Here are some more quick ideas of how ChatGPT can be utilised on a technical level:

  • – Debugging, writing, and explaining code.
  • – Adding comments to code, creating data dictionaries, and optimising queries.
  • – Providing insights on datasets.
  • – Writing or proof-reading documentation.

Business use cases more generally can include:

  • – Writing emails.
  • – Social media posts and content creation (quick creativity inspiration).
  • – Producing training material.
  • – Understanding customer feedback and making decisions based off this.
  • – Writing policy or strategy documentation succinctly and clearly.
Risks and Limitations

Before we get too carried away with its array of powerful features, it is important to remember that ChatGPT should be treated like a co-pilot, or peer review. Relying solely on ChatGPT can lead to the oversight of issues and associated complications.
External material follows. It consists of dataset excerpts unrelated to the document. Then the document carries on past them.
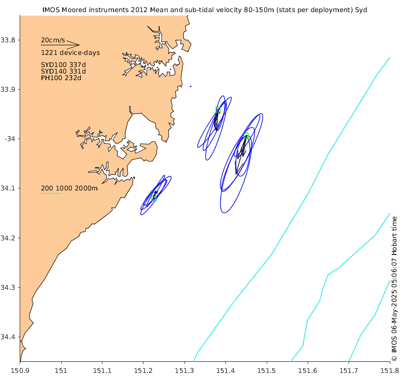 These maps show some basic analyses of the velocity data: mean (all-time in black and seasonal in colour) and sub-tidal variance for several layers and time-windows, and tidal harmonics for the depth-average velocity using the whole record. Click through to see more detailed plots of the selected dataset or to download those data from the AODN thredds server.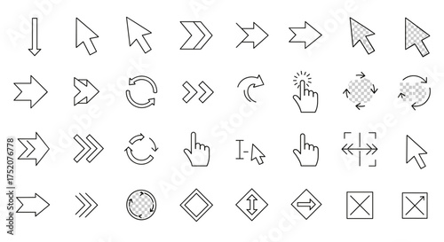Cursor and arrow line icon set. Collection of computer mouse pointers, hand click, and navigation symbols. Vector graphic elements for web design, user interface and GUI.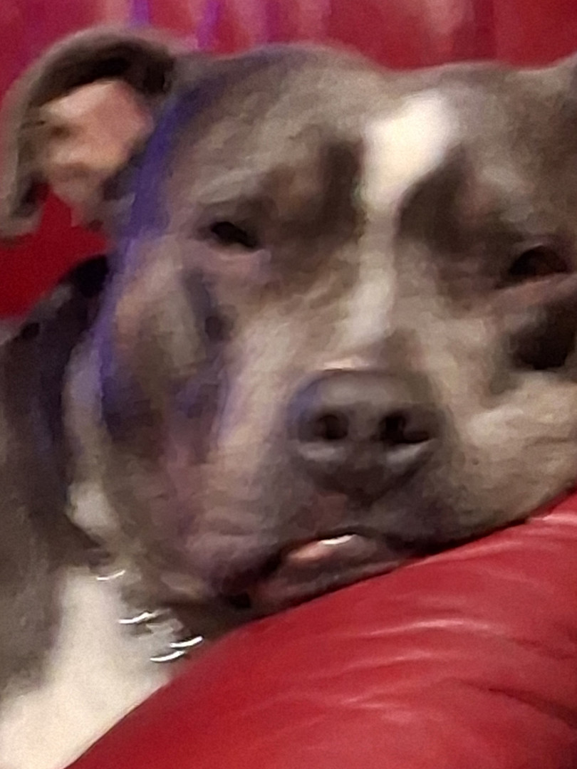 Smokey is a big 100 pound baby. He loves sitting in my lap. Loves to be loved on and pampered. Doesn't have a mean bone in his body.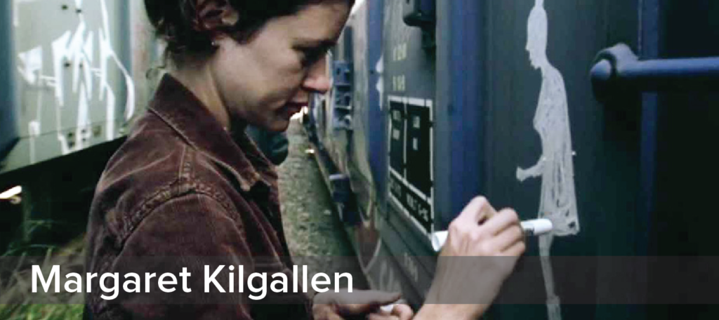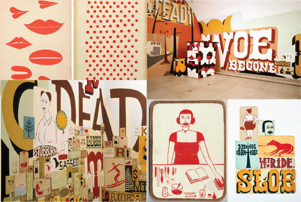 Margaret Kilgallen was known for her intricate graffiti installations that were strongly influenced by American folk art. Her use of composition expresses freedom and the delicate imperfections of dying arts like handpainted signage. All of her works are sculptural — each element holding its own as a statement. But assembled together in a group (like many of her pieces were intended) the individual elements create a visceral and powerful impact on the viewer.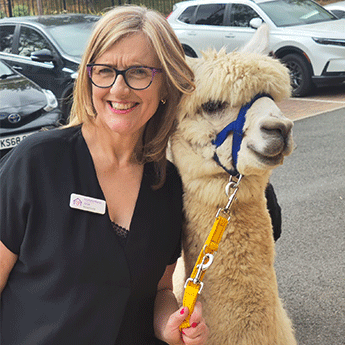 Fairfield Manor Care & Nursing Home near Hitchin recently welcomed some unexpected but very welcome visitors—two alpacas, John Boy and Gary, from Corn Hill Alpacas—as part of a special Make a Wish visit for residents.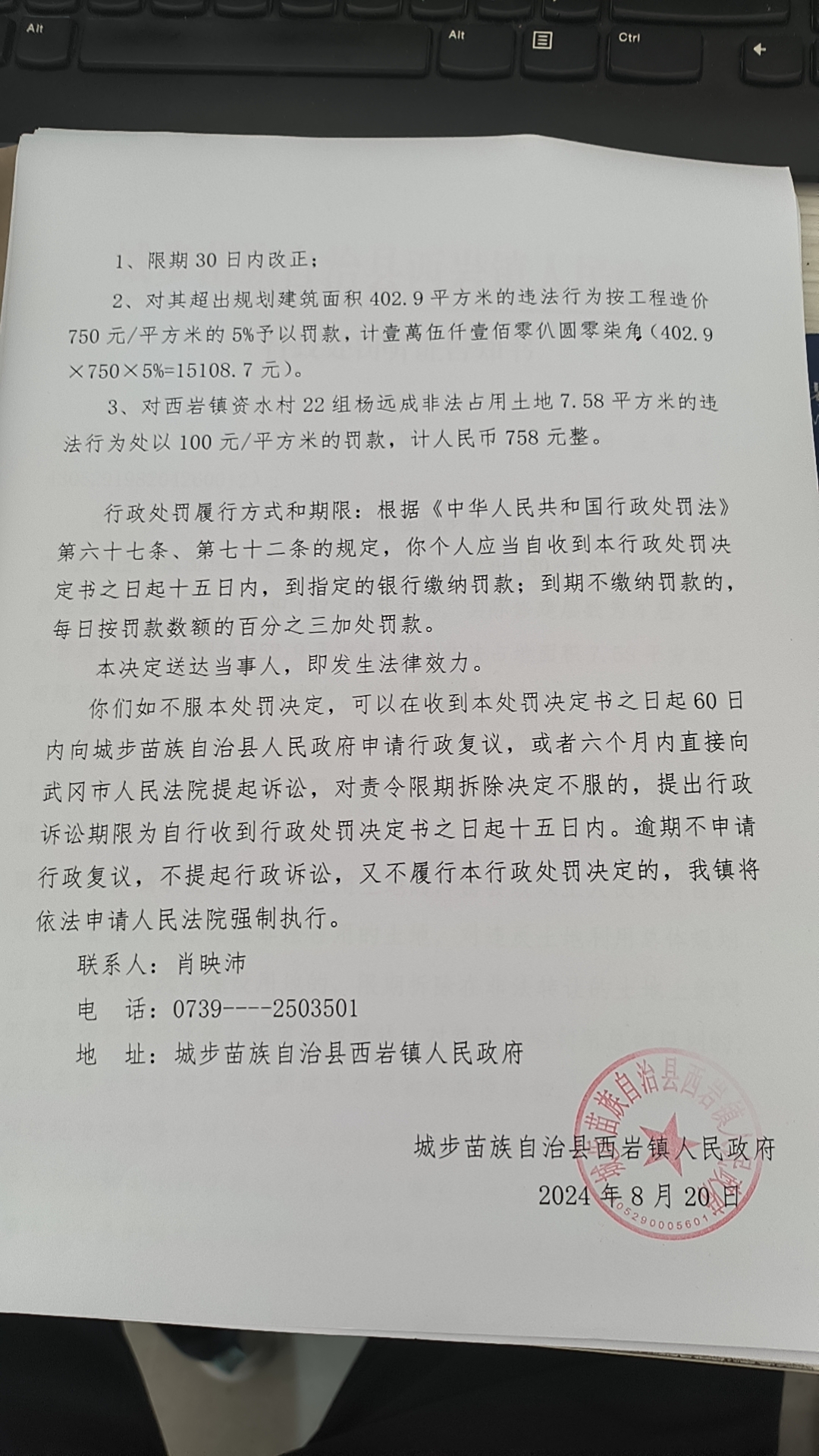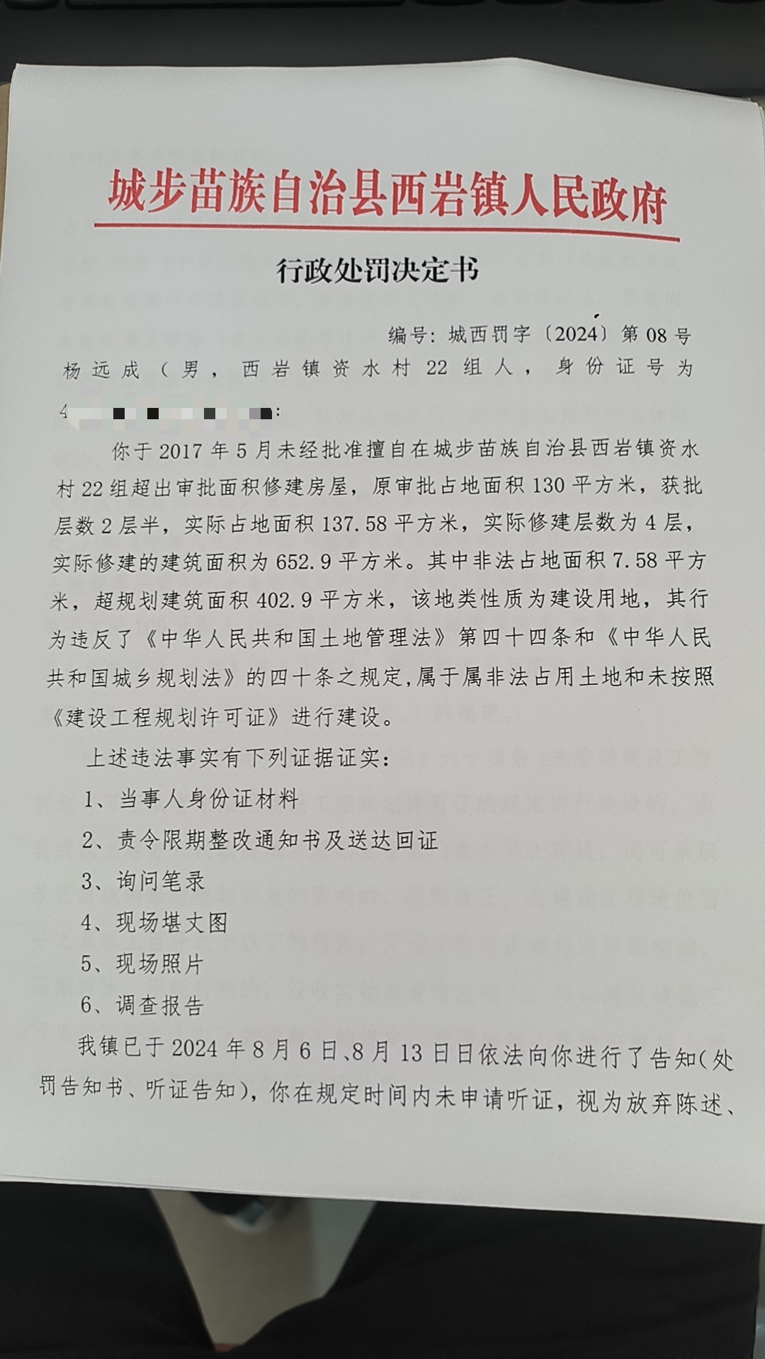 城步苗族自治县西岩镇2024年行政处罚第08号公示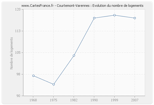 Historique du nombre de logements de Courtemont-Varennes de 1968 à 2007 :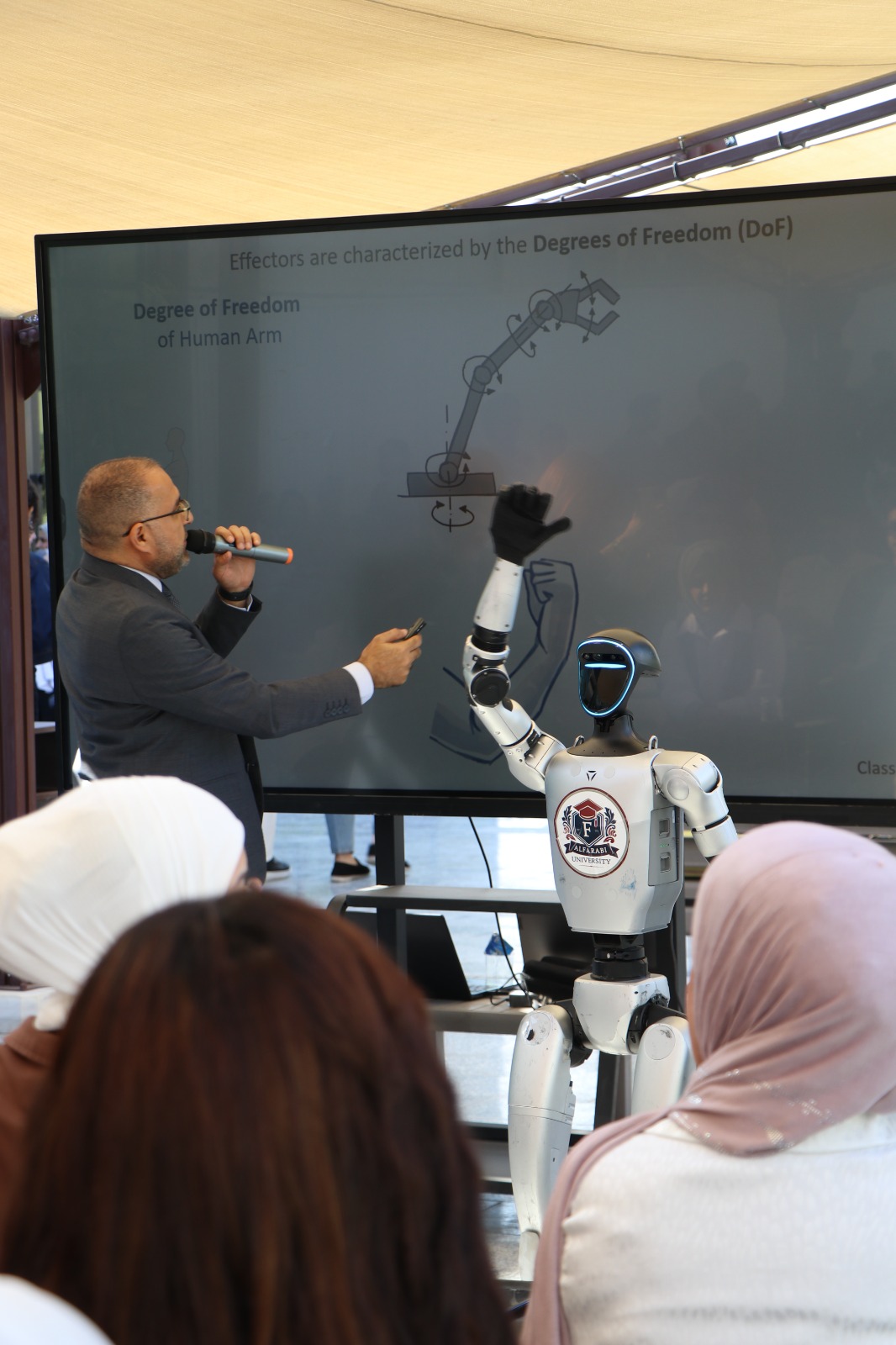 This week was distinguished by a specialized lecture delivered by Prof. Dr. Mazin Al-Hakeem, Assistant President of the University for Scientific Affairs, titled: “Unitree Robot Software, Hardware Perception, Motion Planning, Dynamics and Controls.”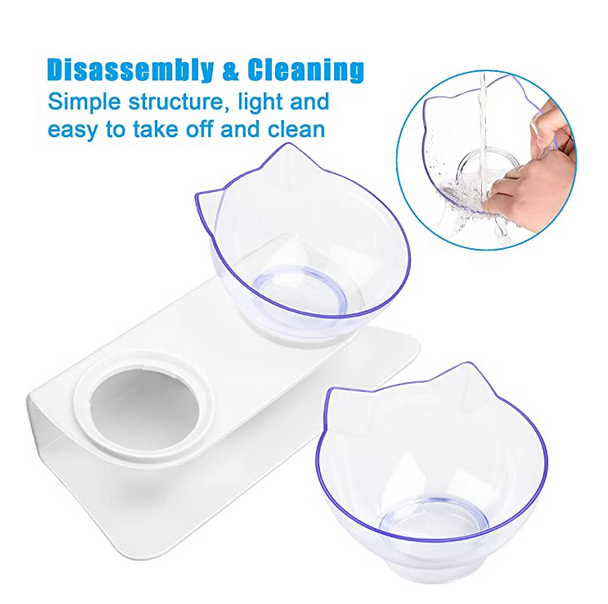 15 Degrees Tilt:15° tilted design protects the pet's cervical spine, which helps to release the stress of your pet's neck. The pet bowl offers easy eating and comfortable licking for your pet.

Alongside its success, a host of security, privacy, and ethical concerns have been raised, alerting users to the potential shortcomings of using ChatGPT. This was particularly pertinent after a major privacy breach in March 2023 where several users’ personal chat histories were leaked. Moreover, in April 2023, Italy banned the use of ChatGPT stating that it violated several GDPR regulations; namely, misinformation about data collection and the absence of parental consent or age control systems.  

ChatGPT has been known to produce factual inaccuracies, and nonsensical, or even in some circumstances abusive and biased responses. Don’t forget to fact-check responses from ChatGPT as its knowledge is limited to September 2021 and it does not have access to current events unless it is fed this information. Beyond the workplace, schools and wider communities have the responsibility to guide people through using AI, which can easily be misused without proper education.

Final Verdict

The key take-away here is to soar high as a business with ChatGPT as your co-pilot. Take advantage of its powerful features to increase productivity and save time. And why stop at ChatGPT? There is a plethora of highly useful AI tools available which offer alternative features which may be more suitable for your business needs. But be mindful of what the tool is and is not appropriate for. Stay informed and curious about developments of AI more broadly, and how these systems handle your data. Finally, certainly don’t train it to write your blog posts.